Kilgrave, played by Doctor Who’s David Tennant, dressed sharply in a suit and pouring out his best, slimy charm, is a character with the ability to control minds. Anything he wants you to do, he’ll make you do it — whether that’s bringing him a coffee, or stepping into traffic. He uses his powers for evil. His focus and drive are himself, the ultimate ego paired with the ultimate egotistical power — everyone must bow to Kilgrave’s will.

It was only in watching this, and his relationship with the title character, that startling similarities came to the fore. The ego and bravado. The misplaced charm. The smooth, sultry exterior that gives way to unequivocal anger and a desire to control. The power to control a normally headstrong woman — Kilgrave’s power, whilst definitely of the super variety, is placed firmly in reality. The right combination of words, overwrought apologies and sickening charm, are the only tools necessary to control a human being. When combined with frequent, seemingly genuine apologies, and a barrage of, “But I love you!” and “We’re meant to be together!,” and you have a recipe for emotional disaster.

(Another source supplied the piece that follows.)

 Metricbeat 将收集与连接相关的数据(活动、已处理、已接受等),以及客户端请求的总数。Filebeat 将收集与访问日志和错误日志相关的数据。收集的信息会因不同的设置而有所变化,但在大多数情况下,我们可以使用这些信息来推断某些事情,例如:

I found myself curled up on the sofa as I watched, face pink and burning from the shame, embarrassment. My stomach twisted and lurched. My skin prickled and ran hot. Lines spoken by this ‘supervillain’ were words I’d heard from my own ex-boyfriend. The seamless blend of egotistical charm and aggressive insanity was like staring into a portrait of the man I’d been with. Realisation set in.

I was a victim of an emotionally abusive relationship.

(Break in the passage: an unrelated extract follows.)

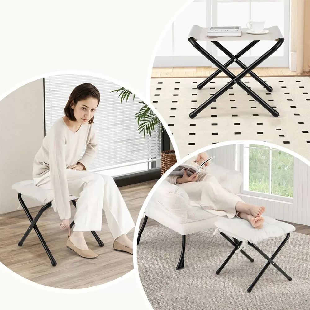 Składany podnóżek, który dołączony jest do fotela, zapewnia dodatkowy komfort, ale może być również używany jako stolik kawowy lub dodatkowe miejsce do siedzenia. Jego składana konstrukcja w kształcie X oszczędza miejsce, a poduszka może być zabezpieczona mocnymi paskami.
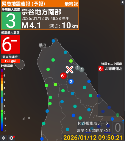 | … | 826/01/12(月)09:54:11No.1391740036+宗谷北部?!そんなとこ揺れんのか? |

The reality hit me like a freight train. Saying the words over in my head, repeating them to a select few close friends, it felt like the weight of a confession lifted. Unknown to me, I’d carried the burden for the years since, albeit something I rarely, if ever, thought about. Telling people, openly, was cathartic. It was a relief. Yet my face still burned pink.

I am told, frequently, that Kilgrave is desirable, in both personality and appearance. It’s offensive, troubling and disheartening. I cannot separate the fictional character from my real life experience, as it’s simply too close. This isn’t a case of a passing resemblance. It’s a visceral reminder of a human being who ruled my existence for three entire years of my young life. A man who shouted at me publicly and privately, refused to let me attend social events wearing certain clothes, berated me for every decision and then became furious when later, I was unable to make my own decisions anymore. A man who I have no connection to anymore, but has finally, been reflected in the media I consume.

My lack of feeling towards the man from my past remains entirely -- I truly feel nothing for his existence. However, now I see my experience with new eyes. With explanation provided by a roster of fictional characters on a thirteen-episode superhero crime drama.

So tell me, that our superheroes don’t need flaws.

Tell me they shouldn’t reflect our characteristics, our lives, our feelings, and our experiences...

But Jessica Jones explained to me the relationship I could never make sense of.